> [Aim of the exercise]: State the number of lines in the material below that have "from" in them, without any other text.

> [Extracted entries]:
▬▬▬
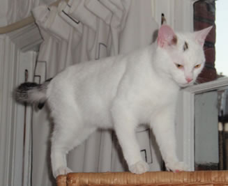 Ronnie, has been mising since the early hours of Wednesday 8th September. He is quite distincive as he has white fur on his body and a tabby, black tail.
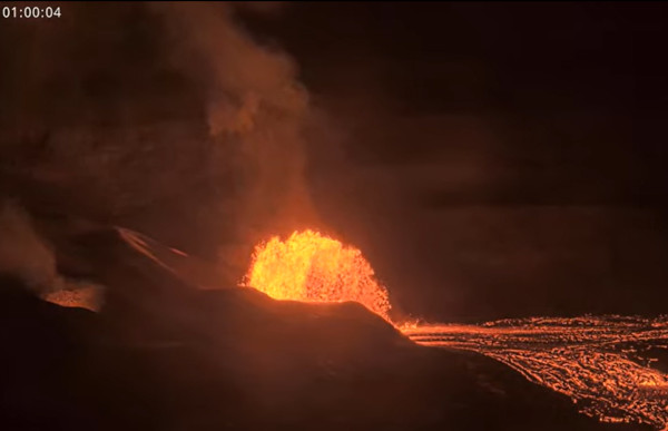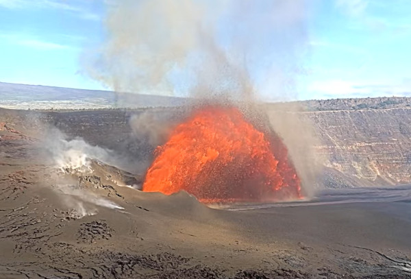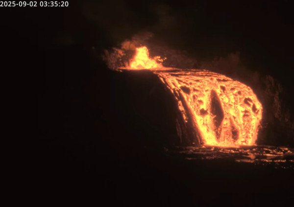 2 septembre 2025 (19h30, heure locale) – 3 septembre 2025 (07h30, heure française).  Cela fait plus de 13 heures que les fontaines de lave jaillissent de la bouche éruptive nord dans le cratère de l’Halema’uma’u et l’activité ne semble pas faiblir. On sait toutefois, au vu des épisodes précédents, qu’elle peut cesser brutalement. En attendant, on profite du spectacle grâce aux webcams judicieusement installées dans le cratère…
▬▬▬
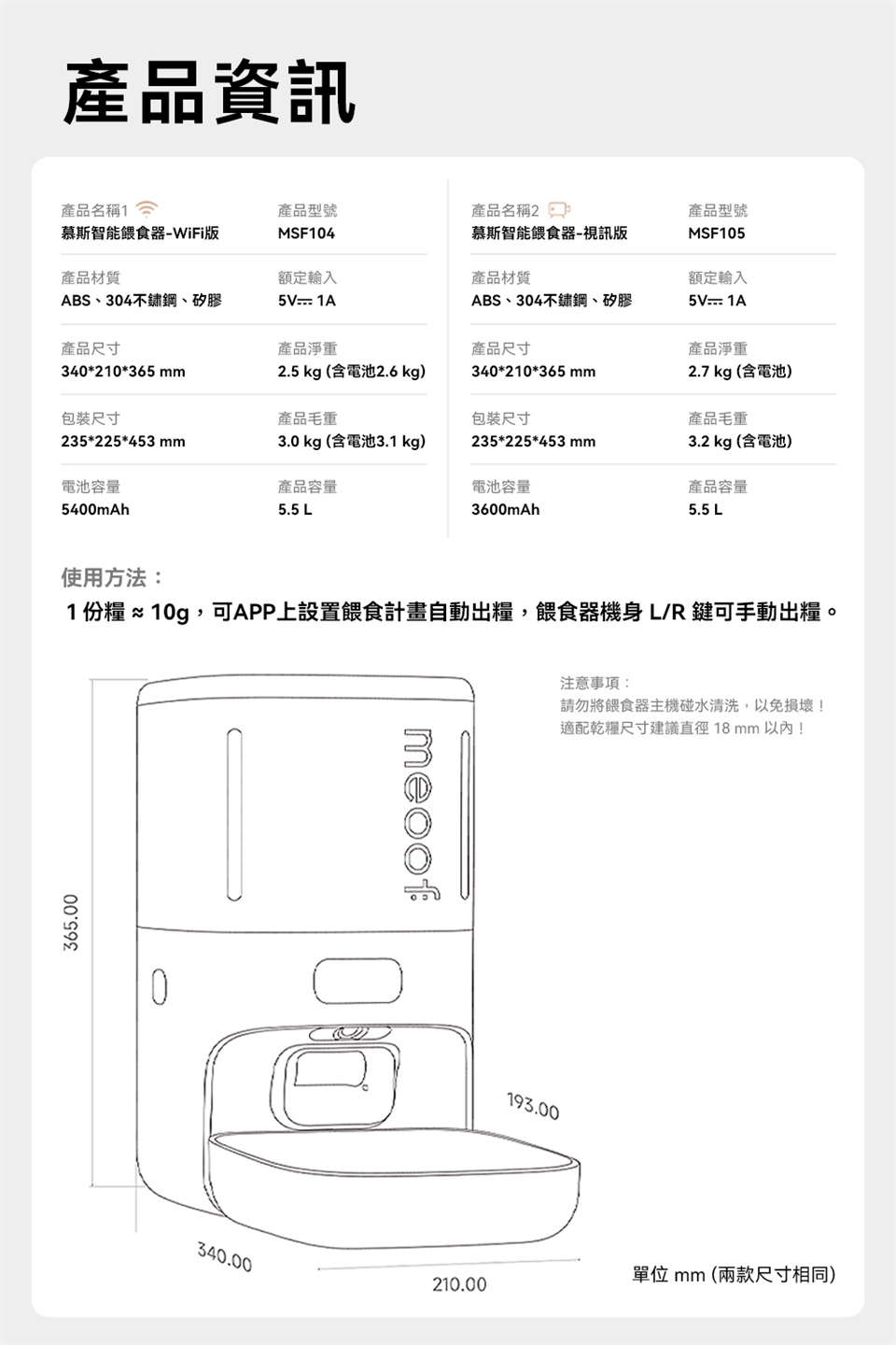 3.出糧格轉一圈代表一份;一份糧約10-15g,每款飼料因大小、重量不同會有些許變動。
▬▬▬
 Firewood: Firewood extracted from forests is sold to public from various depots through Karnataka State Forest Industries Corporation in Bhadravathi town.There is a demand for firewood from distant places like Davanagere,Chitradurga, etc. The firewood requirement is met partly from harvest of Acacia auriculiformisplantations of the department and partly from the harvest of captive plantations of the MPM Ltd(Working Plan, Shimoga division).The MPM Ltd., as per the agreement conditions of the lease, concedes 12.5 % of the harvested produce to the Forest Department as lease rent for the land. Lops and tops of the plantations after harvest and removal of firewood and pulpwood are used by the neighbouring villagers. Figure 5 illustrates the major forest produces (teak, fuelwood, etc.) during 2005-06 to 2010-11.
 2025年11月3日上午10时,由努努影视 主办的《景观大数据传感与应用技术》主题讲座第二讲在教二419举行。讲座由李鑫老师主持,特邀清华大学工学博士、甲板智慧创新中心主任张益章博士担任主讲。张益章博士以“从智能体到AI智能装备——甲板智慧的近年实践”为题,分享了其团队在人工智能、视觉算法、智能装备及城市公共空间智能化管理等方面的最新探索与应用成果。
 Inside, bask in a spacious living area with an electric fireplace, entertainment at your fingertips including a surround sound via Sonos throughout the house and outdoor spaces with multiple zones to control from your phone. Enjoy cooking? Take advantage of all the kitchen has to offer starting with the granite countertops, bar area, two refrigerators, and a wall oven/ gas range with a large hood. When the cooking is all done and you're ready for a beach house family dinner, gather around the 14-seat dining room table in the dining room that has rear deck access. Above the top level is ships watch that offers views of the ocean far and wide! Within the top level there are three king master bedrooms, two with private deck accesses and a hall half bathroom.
▬▬▬
> [Response box]: 2